▶ **Work to complete**
Set down every entry exactly as it stands, omitting any picture.

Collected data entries

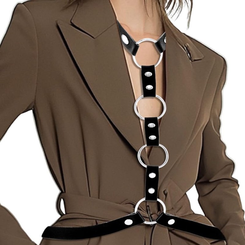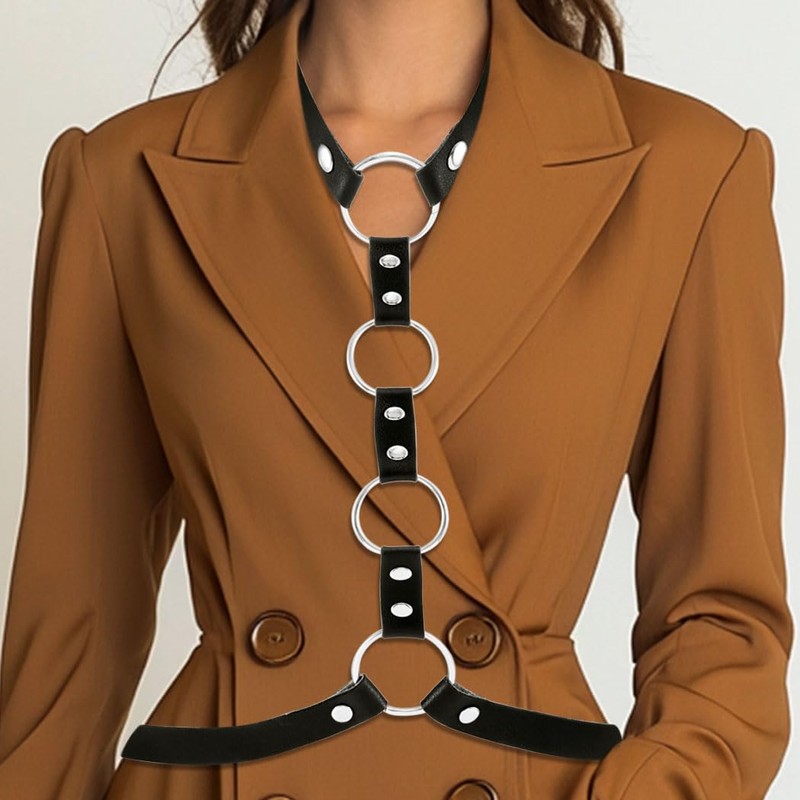- Leather harness for women can be paired with corsets, crop tops, or dresses for a captivating, high-fashion edge.
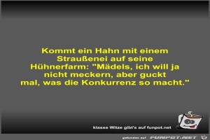 | Kommt ein Hahn mit einem Straußenei auf seine Hühnerfarm Bild (28.52 KB) 7Lustiges → klasse Sprüche und Witze | Lustiges → klasse Sprüche und Witze | 29.09.21-10:47 | Fossy | |
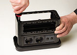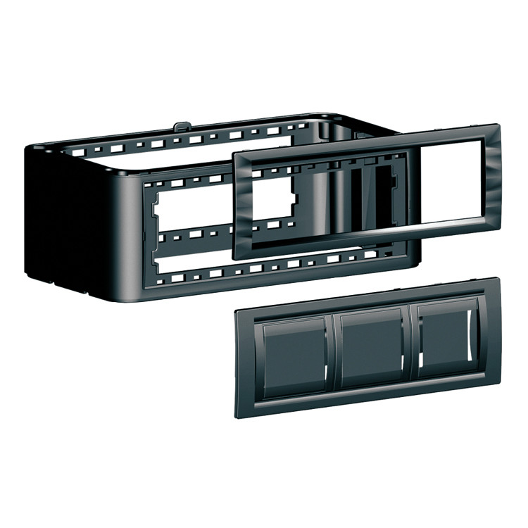 При совместной установке каркасов с розетками одной серии они сцепляются, если серии разные (например, "Brava" + "Viva" + "45х45"), то каркасы не сцепляются, а соприкасаются. Поверх каркасов устанавливается шестимодульная рамка (поставляется в комплекте с башенкой).
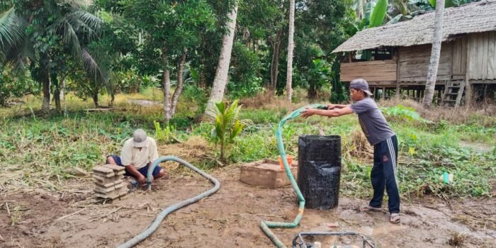 Babinsa Koramil 01 Baolan Bersama Masyarakat Bersihkan Saluran Air di Seputaran Lapangan Desa Salugan
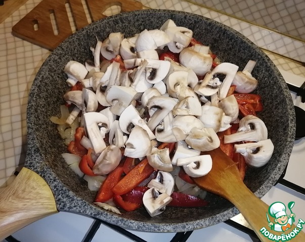 Чистим шампиньоны, нарезаем четвертинками и добавляем в сковороду к остальным ингредиентам. Жарим 5 минут. Посолить и поперчить по вкусу.
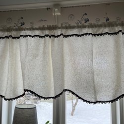 Två blå/grå gardinkappor med spets.
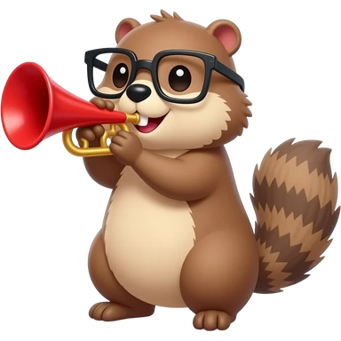 A cute groundhog with square Glasses blowing on a party horn with confetti all around emoji
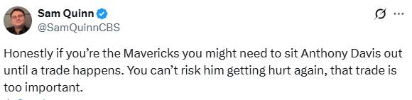 Nói về triển vọng thương mại của lông mày rậm, phóng viên Sam Quinn của NBA cho biết: Đối với Mavericks, Anthony Davis có thể được phép tạm thời nghỉ ngơi cho đến khi giao dịch hoàn tất. Bạn không thể mạo hiểm để anh ấy bị thương lần nữa, thương vụ này quá quan trọng.
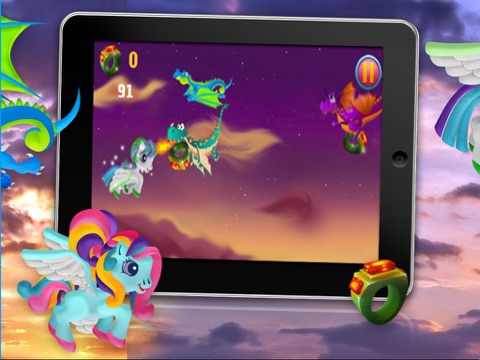 - Slide your thumb or a finger on your pony at the left of the screen to fly forward, back, up and down to avoid dragons.
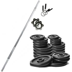 TOORX PROMO PACK - Bilanciere in acciaio cromato 150 cm con fermadischi inclusi + Pacco pesi di dischi in ghisa da 52 kg
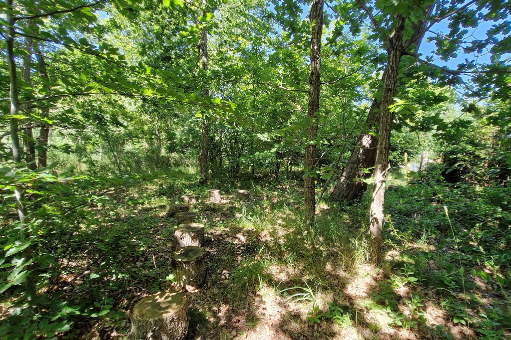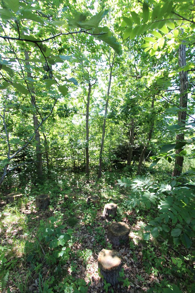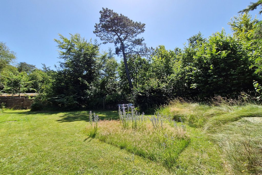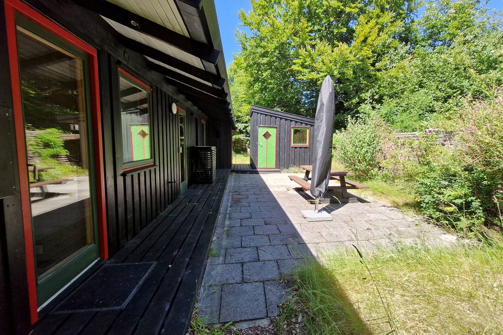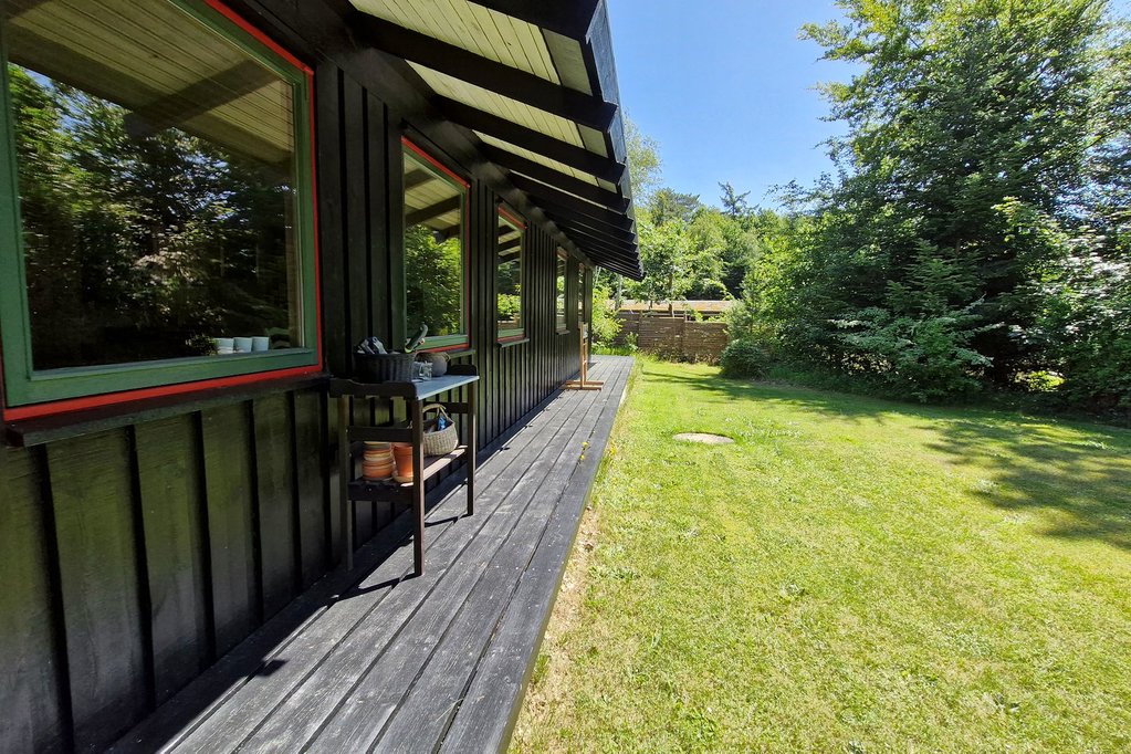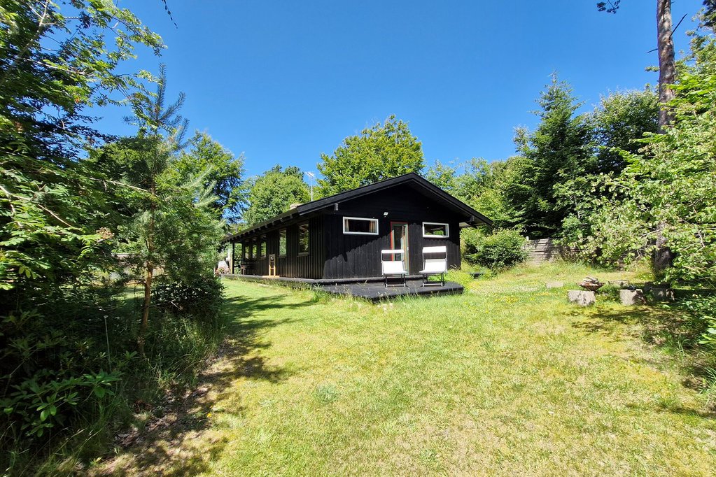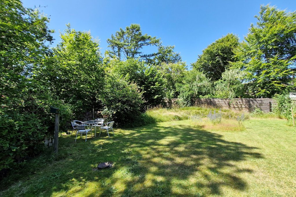 Grunden henligger som ren natur/skovgrund med et væld af skønne beplantninger. Omkring huset er der solrig græsplæne, der skaber lys og luft på terrasserne, men ellers præges grunden af vildtvoksende træer og buske. Ved huset er der flere terrasser bestående af sydvendt træterrasse, overdækket træterrasse mod vest samt fliseterrasse mod øst. I forbindelse med ejendommen er der lille, indbygget udhus samt fritliggende udhusbygning.
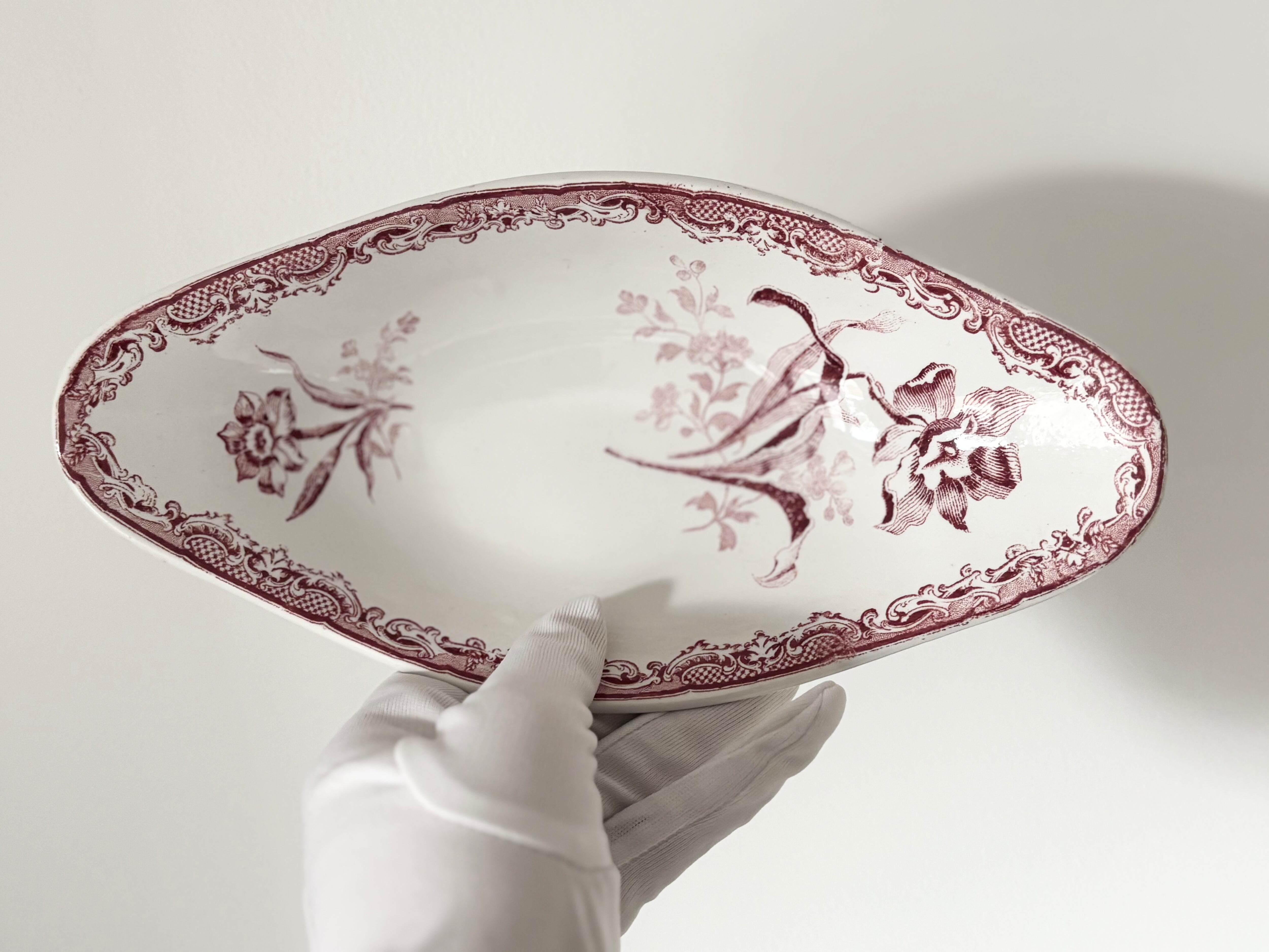 B: Sarreguemines サルグミンヌ/ Fontanges / ラヴィエ / フランス / 赤 水仙の花 ロココ
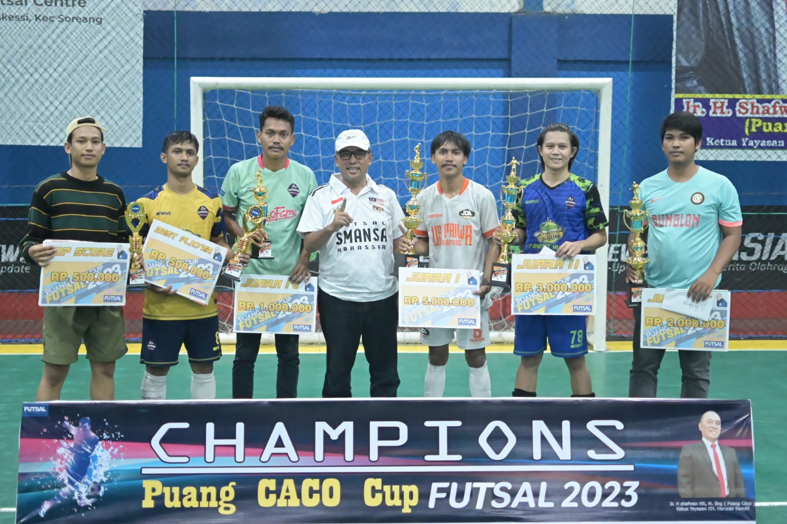 H. Shafwan (Puang Caco) bersama para kandidat juara Futsal Puang Caco Cup 2023
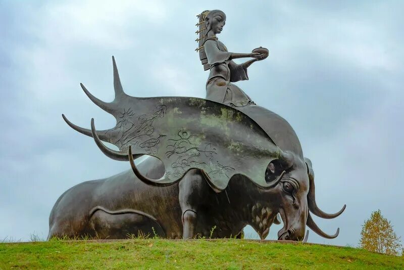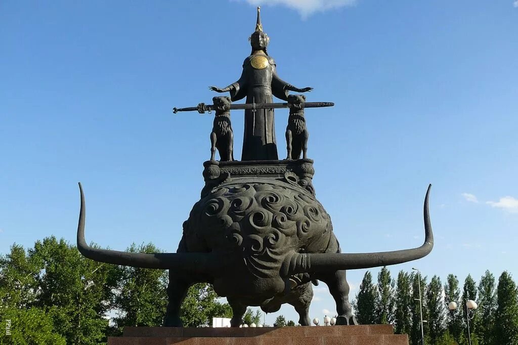 В Казахстане в советское время в разных городах и областях республики были возведены монументы, посвященные памяти погибших воинов в Великой отечественной войне со скульптурой скорбящей матери в центре композиции. В новой столице Казахстана Астане в постсоветское время установлены два монумента, олицетворяющие образ матери. Монумент защитникам отечества скульптора А.К. Бексултанова «Родина-мать» в 2001 г. представляет собой бронзовую стелу с фигурой матери у основания. Мать держит в руках чашу, покрытую тонким слоем сусального золота, символизирующую добросердечное приветствие, гостеприимство. Аллегория добросердечного приветствия и олицетворяет хранительницу домашнего очага и благословляющую мать одновременно. Фоном являются битвы казахов, с одной стороны, с джунгарами, а с другой стороны, участие казахского этноса в Великой отечественной войне 1941-1945 гг. В Астане также установлена скульптура, посвященная матери «защитнице». Монумент «Мать-земля» скульптора Д.Б. Намдакова возведена в новой столице Казахстана в 2008 г. Образ матери представлен древней легендарной сакской царицей Томирис, стоящей на тотемном животном - гигантском быке (рис. 1). На переднем плане по бокам находятся два льва, поддерживающие меч. Скульптура олицетворяет архетип «великой матери», описанный Эрихом Найманом в книге «Великая мать» [12].
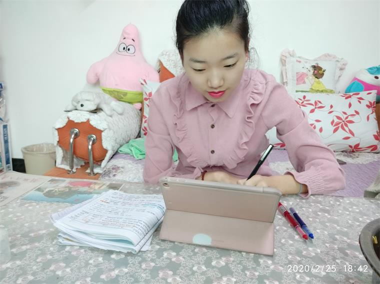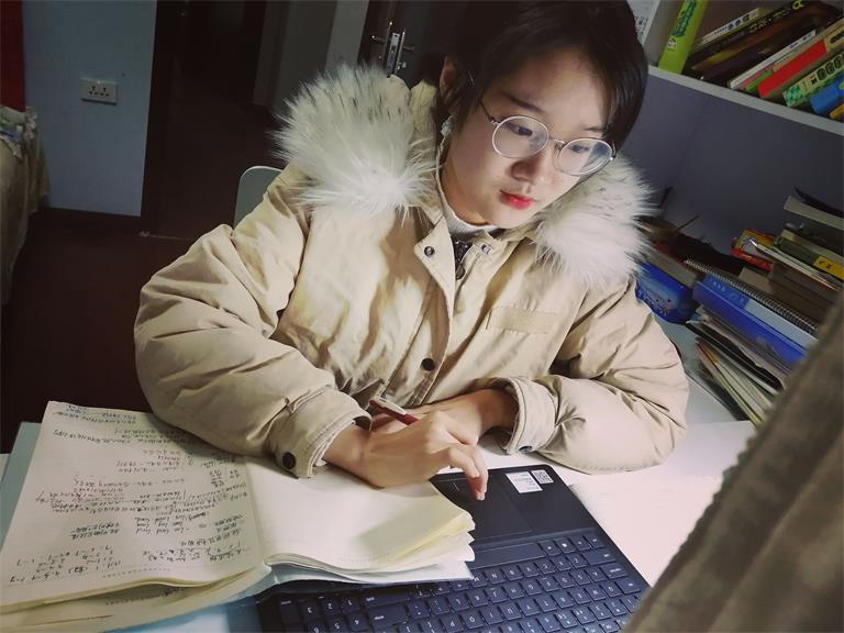 陳韻宇在家網(wǎng)上學(xué)習(xí)。 塔里木大學(xué)宣傳部供圖
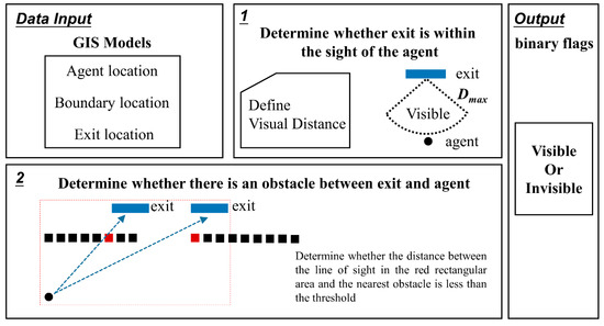 As mentioned before, the impact of familiarity and visibility of exits may limit the set of possible exits for agent , and these conditions are considered by defining two binary flags . The step to judge whether the exit is visible to agent is showed in Figure 4. The binary flags give specific information about agent :

▶ **Exercise result**
- Leather harness for women can be paired with corsets, crop tops, or dresses for a captivating, high-fashion edge.
 | Kommt ein Hahn mit einem Straußenei auf seine Hühnerfarm Bild (28.52 KB) 7Lustiges → klasse Sprüche und Witze | Lustiges → klasse Sprüche und Witze | 29.09.21-10:47 | Fossy | |
 При совместной установке каркасов с розетками одной серии они сцепляются, если серии разные (например, "Brava" + "Viva" + "45х45"), то каркасы не сцепляются, а соприкасаются. Поверх каркасов устанавливается шестимодульная рамка (поставляется в комплекте с башенкой).
 Babinsa Koramil 01 Baolan Bersama Masyarakat Bersihkan Saluran Air di Seputaran Lapangan Desa Salugan
 Чистим шампиньоны, нарезаем четвертинками и добавляем в сковороду к остальным ингредиентам. Жарим 5 минут. Посолить и поперчить по вкусу.
 Två blå/grå gardinkappor med spets.
 A cute groundhog with square Glasses blowing on a party horn with confetti all around emoji
 Nói về triển vọng thương mại của lông mày rậm, phóng viên Sam Quinn của NBA cho biết: Đối với Mavericks, Anthony Davis có thể được phép tạm thời nghỉ ngơi cho đến khi giao dịch hoàn tất. Bạn không thể mạo hiểm để anh ấy bị thương lần nữa, thương vụ này quá quan trọng.
 - Slide your thumb or a finger on your pony at the left of the screen to fly forward, back, up and down to avoid dragons.
 TOORX PROMO PACK - Bilanciere in acciaio cromato 150 cm con fermadischi inclusi + Pacco pesi di dischi in ghisa da 52 kg
 Grunden henligger som ren natur/skovgrund med et væld af skønne beplantninger. Omkring huset er der solrig græsplæne, der skaber lys og luft på terrasserne, men ellers præges grunden af vildtvoksende træer og buske. Ved huset er der flere terrasser bestående af sydvendt træterrasse, overdækket træterrasse mod vest samt fliseterrasse mod øst. I forbindelse med ejendommen er der lille, indbygget udhus samt fritliggende udhusbygning.
 B: Sarreguemines サルグミンヌ/ Fontanges / ラヴィエ / フランス / 赤 水仙の花 ロココ
 H. Shafwan (Puang Caco) bersama para kandidat juara Futsal Puang Caco Cup 2023
 В Казахстане в советское время в разных городах и областях республики были возведены монументы, посвященные памяти погибших воинов в Великой отечественной войне со скульптурой скорбящей матери в центре композиции. В новой столице Казахстана Астане в постсоветское время установлены два монумента, олицетворяющие образ матери. Монумент защитникам отечества скульптора А.К. Бексултанова «Родина-мать» в 2001 г. представляет собой бронзовую стелу с фигурой матери у основания. Мать держит в руках чашу, покрытую тонким слоем сусального золота, символизирующую добросердечное приветствие, гостеприимство. Аллегория добросердечного приветствия и олицетворяет хранительницу домашнего очага и благословляющую мать одновременно. Фоном являются битвы казахов, с одной стороны, с джунгарами, а с другой стороны, участие казахского этноса в Великой отечественной войне 1941-1945 гг. В Астане также установлена скульптура, посвященная матери «защитнице». Монумент «Мать-земля» скульптора Д.Б. Намдакова возведена в новой столице Казахстана в 2008 г. Образ матери представлен древней легендарной сакской царицей Томирис, стоящей на тотемном животном - гигантском быке (рис. 1). На переднем плане по бокам находятся два льва, поддерживающие меч. Скульптура олицетворяет архетип «великой матери», описанный Эрихом Найманом в книге «Великая мать» [12].
 陳韻宇在家網(wǎng)上學(xué)習(xí)。 塔里木大學(xué)宣傳部供圖
 As mentioned before, the impact of familiarity and visibility of exits may limit the set of possible exits for agent , and these conditions are considered by defining two binary flags . The step to judge whether the exit is visible to agent is showed in Figure 4. The binary flags give specific information about agent :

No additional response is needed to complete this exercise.